Work request | Beginning with the line that contains "AR HD BOSOM)", print each line to the end of the data exactly. Omit the pictures.

=== Entries provided ===

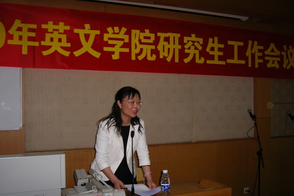 本网讯 3月26日下午,英文学院2010年研究生导师工作会议在北校一教201室召开。我校研究生工作部部长敖湘晖,英文学院副院长方开瑞、所有专兼职研究生导师以及管理人员均出席了会议。大会分为全体会议和分组讨论两个阶段,围绕研究生培养质量的提高、研究生培养的软硬件建设、新设专业学位点的发展规划、科研与导师团队建设等议题,与会人员集思广益、共商良策。
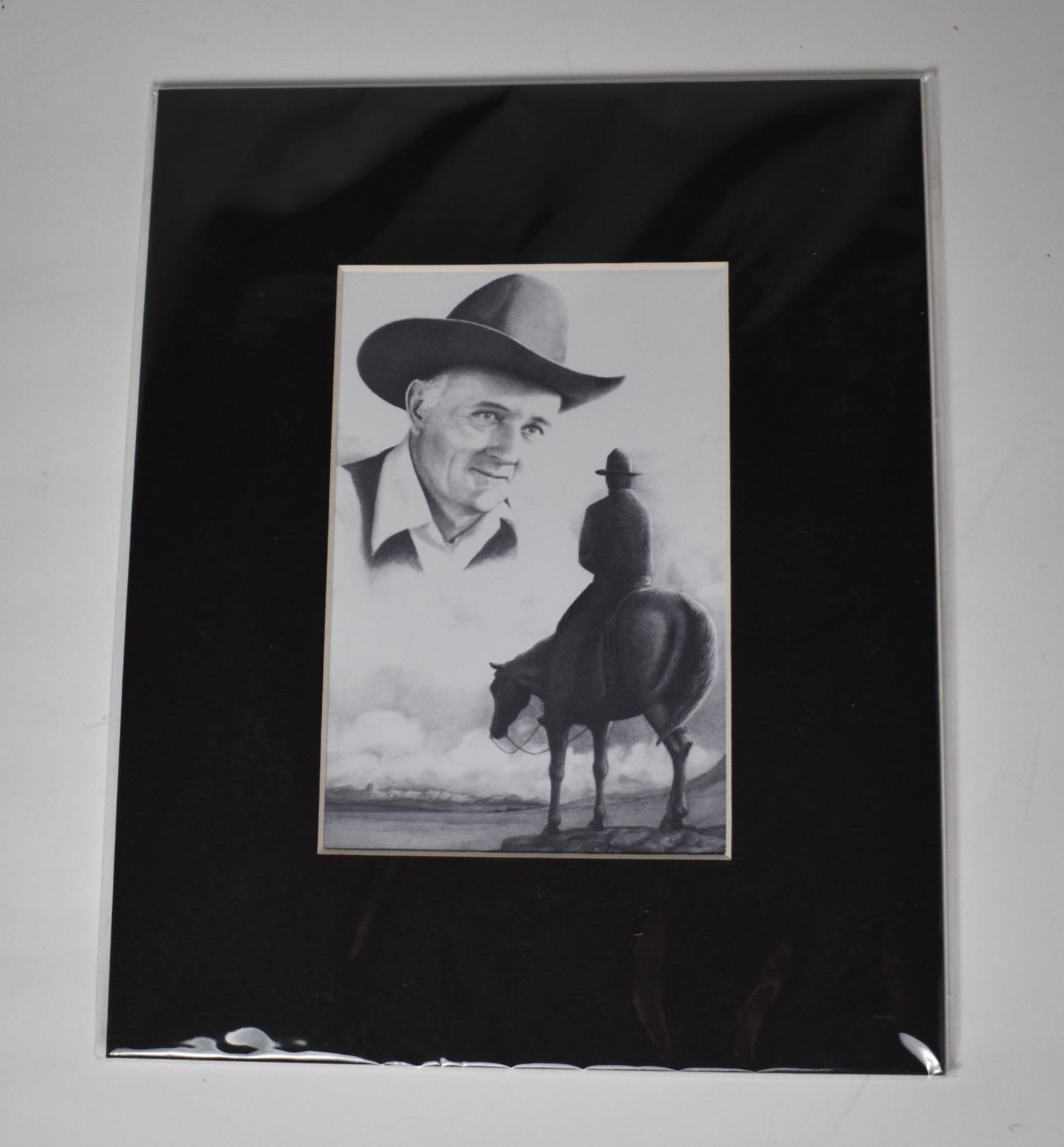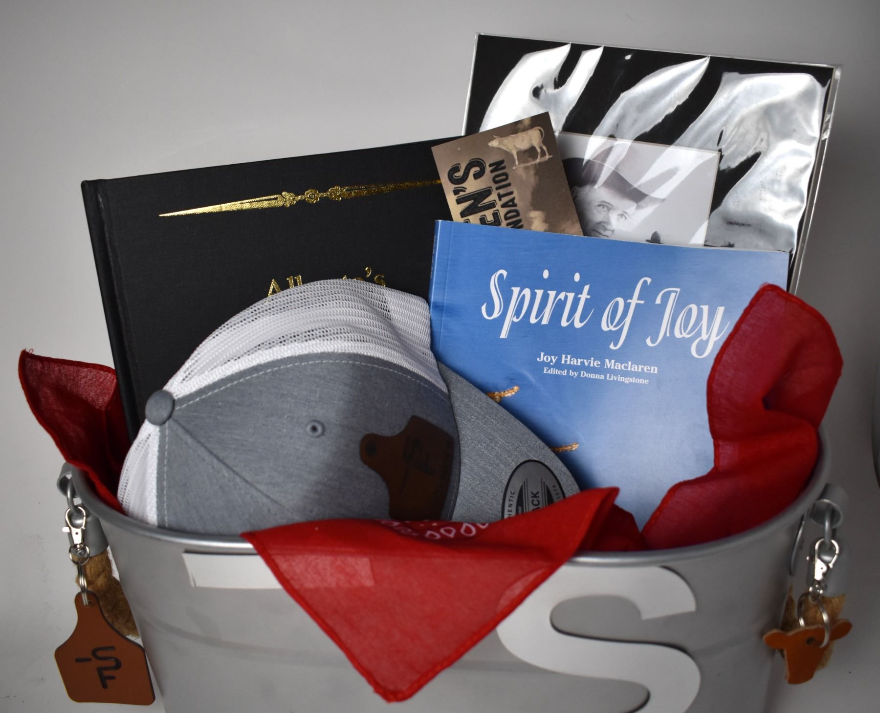2014 Alberta Brand Book; Spirit of Joy, book by Joy Harvie Maclaren; Matted Print of ‘Legacy’ by Merv Robertson featuring Mac MacKenzie and his Men of Vision Statue; Stockmen’s Baseball Hat; Stockmen’s Magnets and Keychains
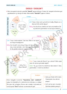 Affirmative Form (Olumlu Yapı) We / should + Verb Will: I have a fever and my tooth hurts badly. (Ateşim var ve
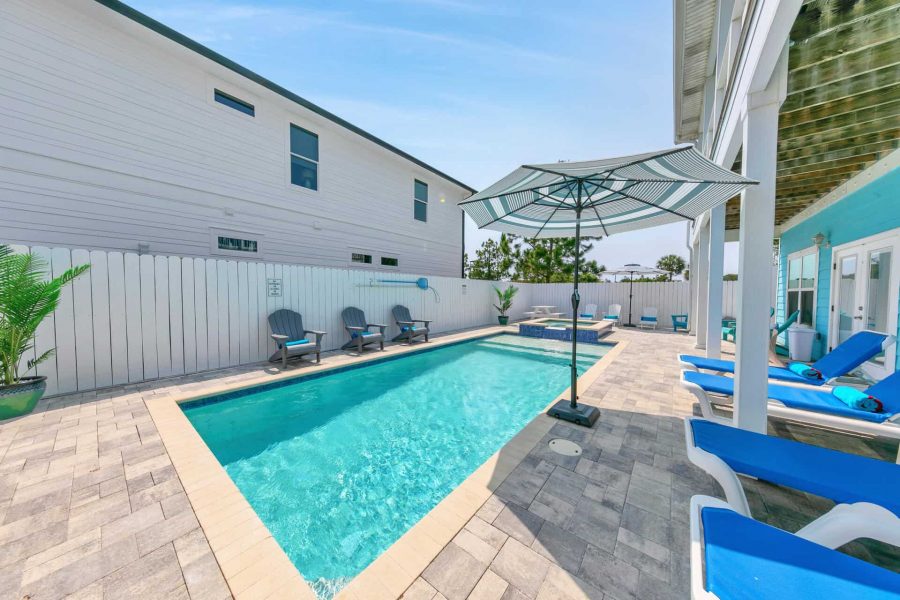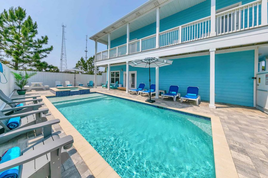 The Blue Escape: One-of-a-kind coastal getaway, custom-designed, Coastal Craftsman Beach House. The Blue Escape features 5 Bedrooms, 2.5 bathrooms, and outdoor living space with a huge private Pool and Hot Tub (pool heated for an additional fee). Spanning two levels and providing over 2900 sq. ft of indoor living space, The Blue Escape is sure to please the most discerning traveler. No detail was overlooked in the design and furnishing of this home. Just a short walk to the beach. Accommodates up to 16 lucky guests.
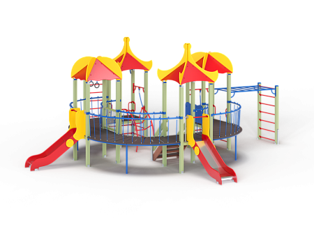 Детский игровой комплекс состоит из четырёх последовательно соединённых по окружности башен с крышами. На первой башне установлены шведские стенки, ручки вспомогательные, перекладина с канатами и внешняя шведская стенка с усиленным рукоходом. На второй башне установлены лестница и горка. На третьей башне установлены горка и фанерное ограждение. На четвертой башне установлены лиана, перекладина с канатом, вспомогательные ручки и гимнастический комплекс с кронштейнами с канатом и кольцами гимнастическими. Первая, вторая, третья и четвертая башни соединены дугообразными мостами.
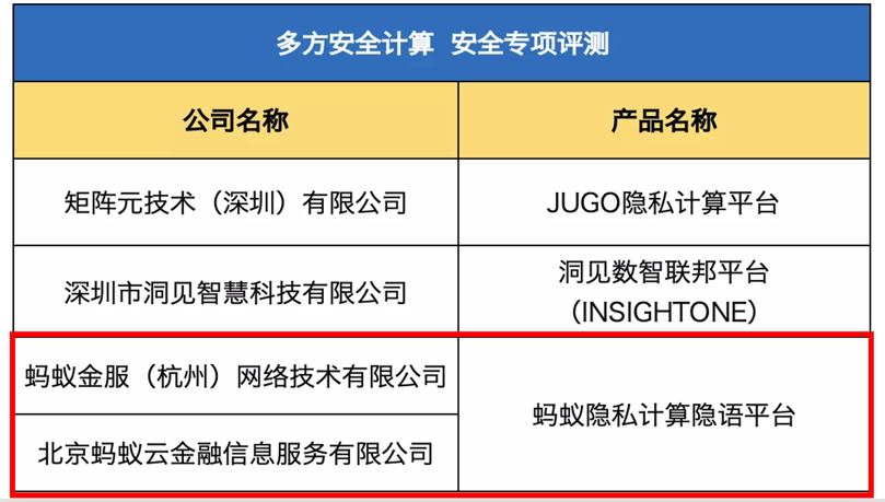 本次安全測評共有9款隱私計算產品通過,螞蟻集團是唯二兩項測評都通過的企業。
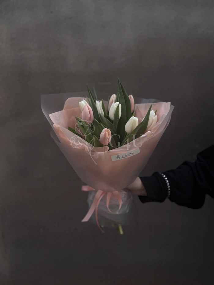Девять свежих тюльпанов создают пышный и выразительный акцент, подчёркивая естественную красоту и элегантность каждого цветка. Минималистичное оформление делает букет стильным и универсальным — для подарка, комплимента или праздничного настроения 🌷✨
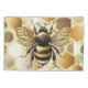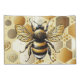 Eine künstlerische Darstellung einer Biene, die auf einer Wabendecke ruht, umgeben von Hexagonen und Kreisen, mit schwarzen, gelben und goldenen Farbtönen auf weißem, schwarz-weiß gestreiften Hintergrund.
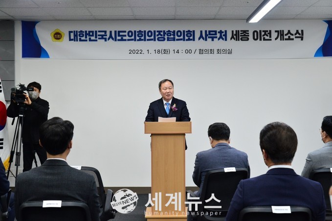 [세계뉴스 정서영 기자] 대한민국시도의회의장협의회(회장 김인호 서울특별시의회 의장) 세종 이전 개소식이 18일 협의회 사무처(세종파이낸스센터1차)에서 개최되었다.
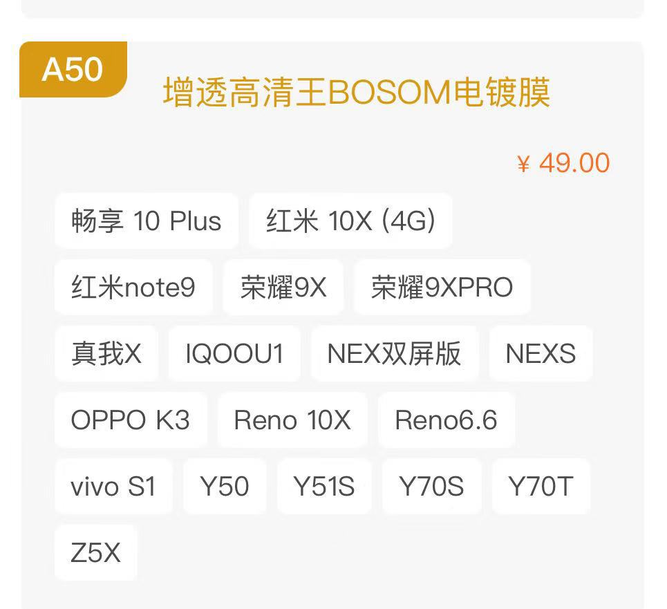 Основная модель A50` Honor 9X (гальваническая пленка AR HD BOSOM)
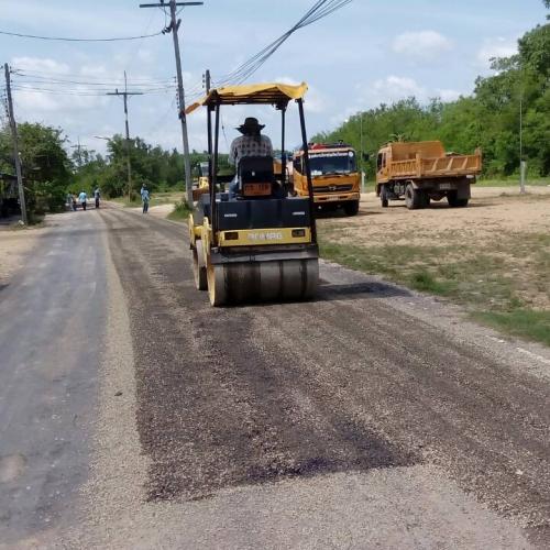 ลงพื้นที่ตรวจดูติดตามการดำเนินงานการก่อสร้าง ถนนการปรับปรุงปูพื้นถนนลาดยางแอสฟัลติกส์สายทุ่งขมิ้น
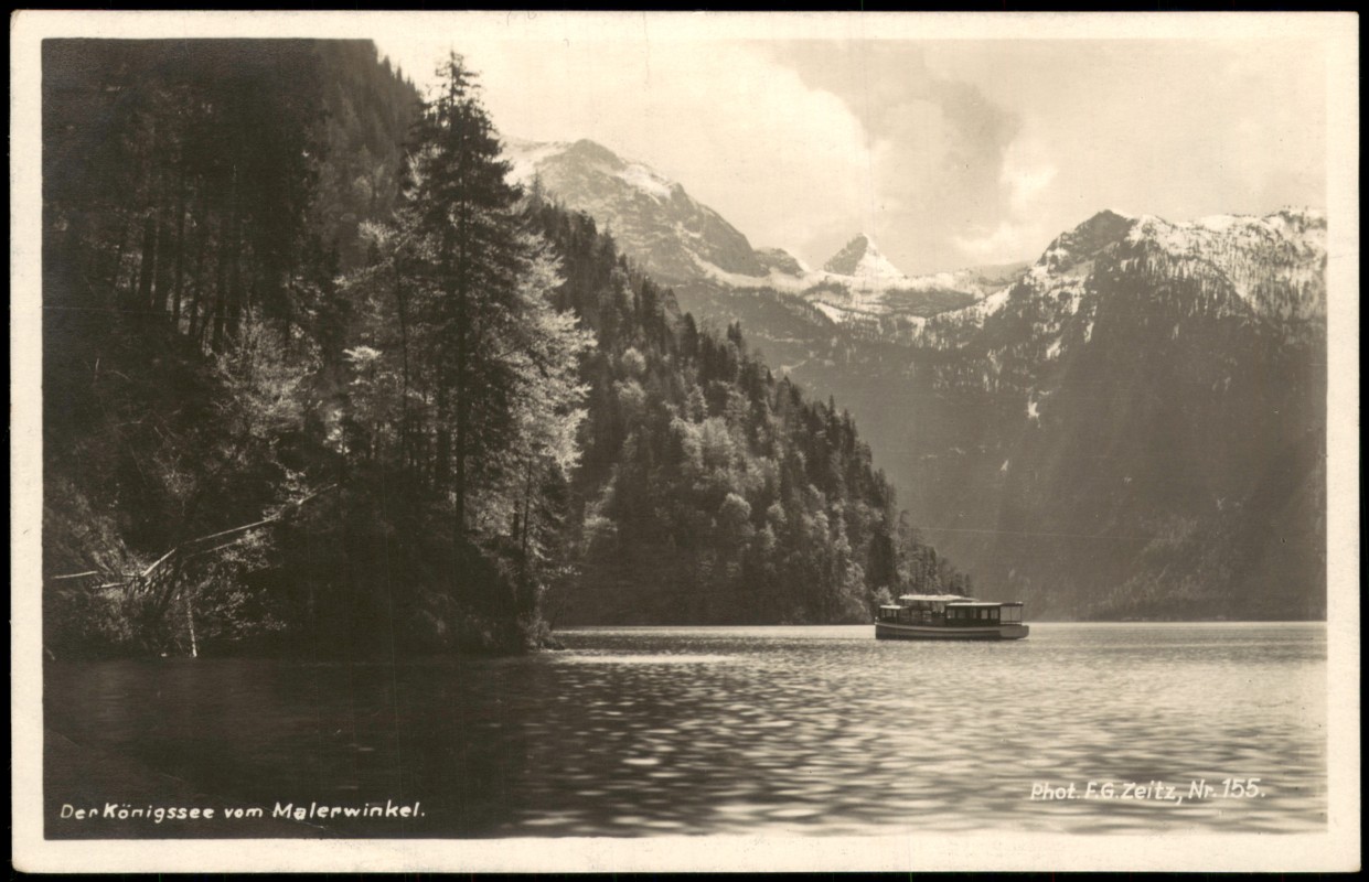 - Der Königssee vom Malerwinkel, Boot Schiff Berge

===

Result of this exercise |
 Основная модель A50` Honor 9X (гальваническая пленка AR HD BOSOM)
 ลงพื้นที่ตรวจดูติดตามการดำเนินงานการก่อสร้าง ถนนการปรับปรุงปูพื้นถนนลาดยางแอสฟัลติกส์สายทุ่งขมิ้น
 - Der Königssee vom Malerwinkel, Boot Schiff Berge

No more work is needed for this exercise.